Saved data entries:
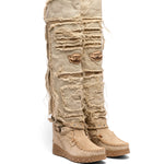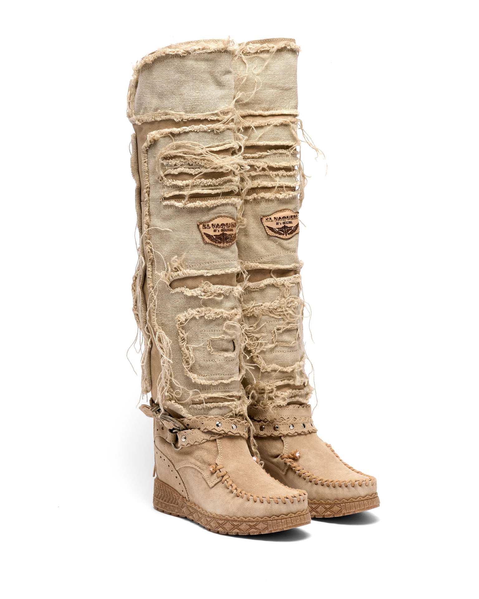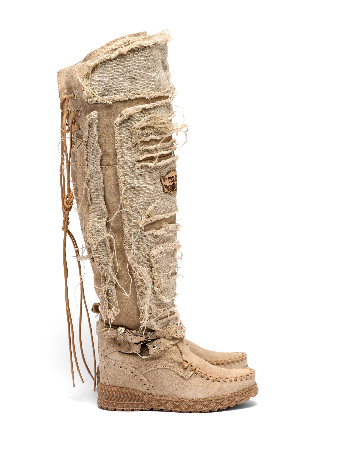 Clint è lo stivale over-the-knee che si distingue per il cinturino alla caviglia e i raffinati dettagli in pelle lungo il gambale, espressione di artigianalità e stile inconfondibile. Realizzati in una pelle scamosciata unita a pregiato lino naturale. Una combinazione fresca e leggera che unisce stile artigianale e comfort, perfetta per creazioni estive ed eleganti.
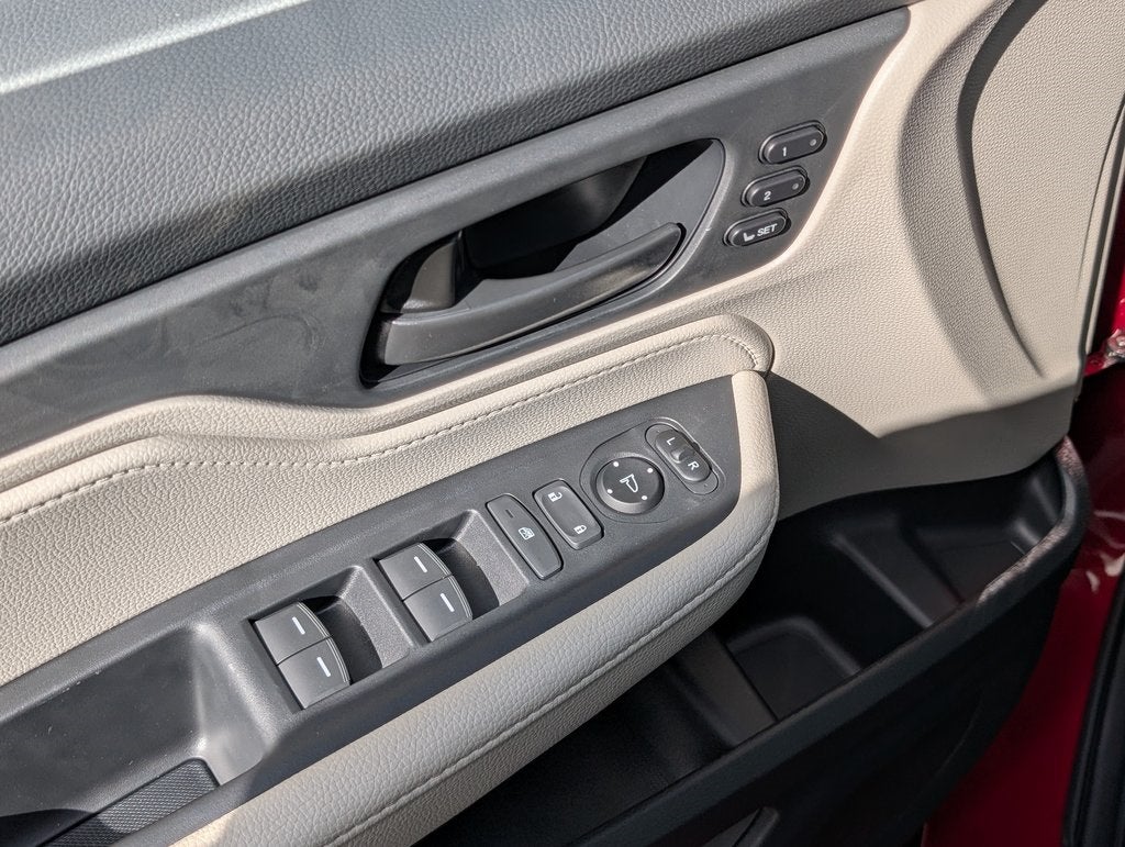 18 Machine-Finished Alloy Wheels, 3rd row seats: split-bench, 4-Wheel Disc Brakes, 7 Speakers, ABS brakes, Adaptive Cruise Control: Adaptive Cruise Control (ACC) with Low-Speed Follow, Air Conditioning, Alloy wheels, AM/FM radio: SiriusXM, Anti-whiplash front head restraints, Apple CarPlay/Android Auto, Auto High-beam Headlights, Auto-dimming Rear-View mirror, Automatic temperature control, Blind Spot Information (BSI) System warning, Brake assist, Bumpers: body-color, Delay-off headlights, Driver door bin, Driver vanity mirror, Driver's Seat Mounted Armrest, Dual front impact airbags, Dual front side impact airbags, Electronic Stability Control, Exterior Parking Camera Rear, Four wheel independent suspension, Front anti-roll bar, Front Bucket Seats, Front dual zone A/C, Front fog lights, Front reading lights, Fully automatic headlights, Garage door transmitter: HomeLink, Heated door mirrors, Heated Front Bucket Seats, Heated front seats, Illuminated entry, Knee airbag, Lane departure: Lane Keeping Assist System (LKAS) active, Leather steering wheel, Leather Trimmed Seats, Low tire pressure warning, Memory seat, Occupant sensing airbag, Outside temperature display, Overhead airbag, Overhead console, Panic alarm, Passenger door bin, Passenger seat mounted armrest, Passenger vanity mirror, Power door mirrors, Power driver seat, Power Liftgate, Power moonroof, Power passenger seat, Power steering, Power windows, Radio data system, Radio: 160-Watt AM/FM/HD/SiriusXM Audio System, Rear air conditioning, Rear anti-roll bar, Rear reading lights, Rear seat center armrest, Rear window defroster, Rear window wiper, Reclining 3rd row seat, Remote keyless entry, Security system, Speed control, Speed-sensing steering, Speed-Sensitive Wipers, Split folding rear seat, Spoiler, Steering wheel mounted audio controls, Tachometer, Telescoping steering wheel, Tilt steering wheel, Traction control, Trip computer, Turn signal indicator mirrors, and Variably intermittent wipers. 19/28 City/Highway MPG
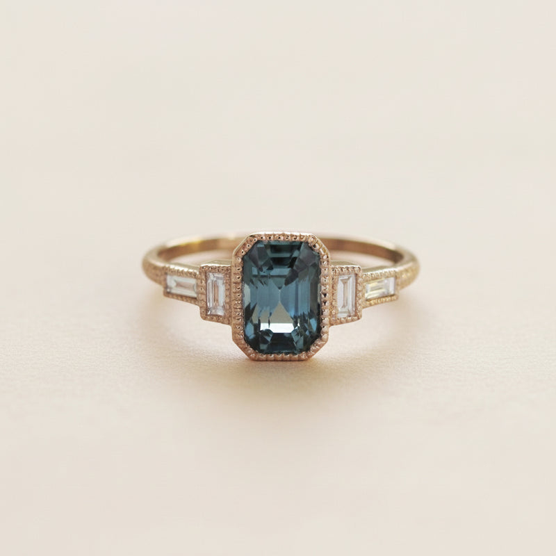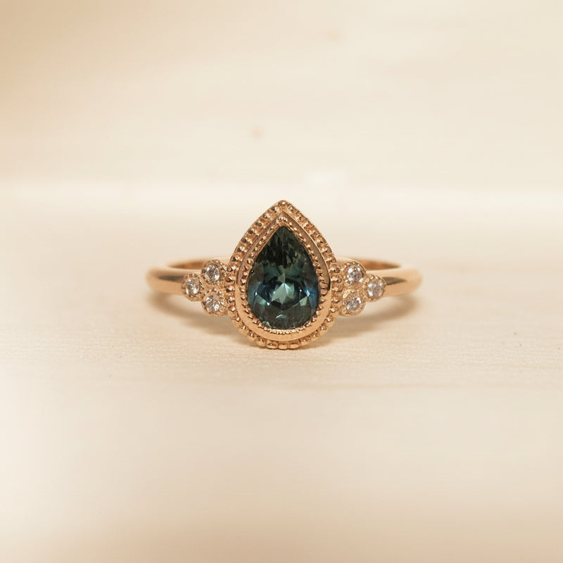 A custom snowdrop ring with delicate trillium design and Montana Sapphire can be soon ordered in our ring builder. Starting from $3000CAD (plus cost of centre stone)
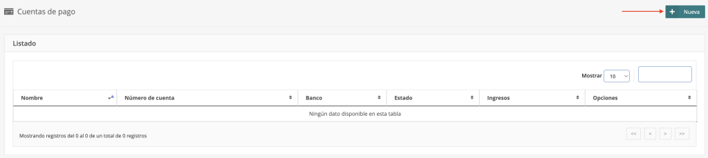Para agregar una cuenta presiona en el botón “Nueva“:
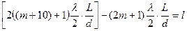По условию задачи на экране на расстоянии l = 10 cм наблюдается N=10 темных полос, следовательно,
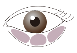 下まぶたの内部には「眼窩隔膜」という膜で仕切られた三つの小部屋があり、それぞれの中に「眼窩脂肪」という少量の脂肪が詰まっています。
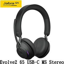 Jabra Evolve2 65 USB-C MS Stereo 黑色 藍牙 無線 頭戴式耳機麥克風 (雙耳)(微軟SKYPE for 企業版專用)(含充電座) 26599-999-889
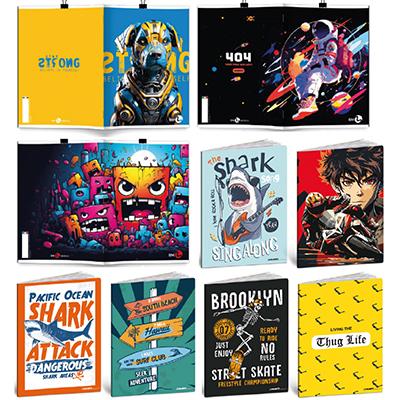 Maxi quaderni con risguardo, disponibili in due diverse grammature e fogliazioni, copertine fantasie assortite.

_What you should do_:
Could you repeat the entries word for word, skipping the pictures they contain?

_Solved exercise_:
 Clint è lo stivale over-the-knee che si distingue per il cinturino alla caviglia e i raffinati dettagli in pelle lungo il gambale, espressione di artigianalità e stile inconfondibile. Realizzati in una pelle scamosciata unita a pregiato lino naturale. Una combinazione fresca e leggera che unisce stile artigianale e comfort, perfetta per creazioni estive ed eleganti.
 18 Machine-Finished Alloy Wheels, 3rd row seats: split-bench, 4-Wheel Disc Brakes, 7 Speakers, ABS brakes, Adaptive Cruise Control: Adaptive Cruise Control (ACC) with Low-Speed Follow, Air Conditioning, Alloy wheels, AM/FM radio: SiriusXM, Anti-whiplash front head restraints, Apple CarPlay/Android Auto, Auto High-beam Headlights, Auto-dimming Rear-View mirror, Automatic temperature control, Blind Spot Information (BSI) System warning, Brake assist, Bumpers: body-color, Delay-off headlights, Driver door bin, Driver vanity mirror, Driver's Seat Mounted Armrest, Dual front impact airbags, Dual front side impact airbags, Electronic Stability Control, Exterior Parking Camera Rear, Four wheel independent suspension, Front anti-roll bar, Front Bucket Seats, Front dual zone A/C, Front fog lights, Front reading lights, Fully automatic headlights, Garage door transmitter: HomeLink, Heated door mirrors, Heated Front Bucket Seats, Heated front seats, Illuminated entry, Knee airbag, Lane departure: Lane Keeping Assist System (LKAS) active, Leather steering wheel, Leather Trimmed Seats, Low tire pressure warning, Memory seat, Occupant sensing airbag, Outside temperature display, Overhead airbag, Overhead console, Panic alarm, Passenger door bin, Passenger seat mounted armrest, Passenger vanity mirror, Power door mirrors, Power driver seat, Power Liftgate, Power moonroof, Power passenger seat, Power steering, Power windows, Radio data system, Radio: 160-Watt AM/FM/HD/SiriusXM Audio System, Rear air conditioning, Rear anti-roll bar, Rear reading lights, Rear seat center armrest, Rear window defroster, Rear window wiper, Reclining 3rd row seat, Remote keyless entry, Security system, Speed control, Speed-sensing steering, Speed-Sensitive Wipers, Split folding rear seat, Spoiler, Steering wheel mounted audio controls, Tachometer, Telescoping steering wheel, Tilt steering wheel, Traction control, Trip computer, Turn signal indicator mirrors, and Variably intermittent wipers. 19/28 City/Highway MPG
 A custom snowdrop ring with delicate trillium design and Montana Sapphire can be soon ordered in our ring builder. Starting from $3000CAD (plus cost of centre stone)
Para agregar una cuenta presiona en el botón “Nueva“:
По условию задачи на экране на расстоянии l = 10 cм наблюдается N=10 темных полос, следовательно,
 下まぶたの内部には「眼窩隔膜」という膜で仕切られた三つの小部屋があり、それぞれの中に「眼窩脂肪」という少量の脂肪が詰まっています。
 Jabra Evolve2 65 USB-C MS Stereo 黑色 藍牙 無線 頭戴式耳機麥克風 (雙耳)(微軟SKYPE for 企業版專用)(含充電座) 26599-999-889
 Maxi quaderni con risguardo, disponibili in due diverse grammature e fogliazioni, copertine fantasie assortite.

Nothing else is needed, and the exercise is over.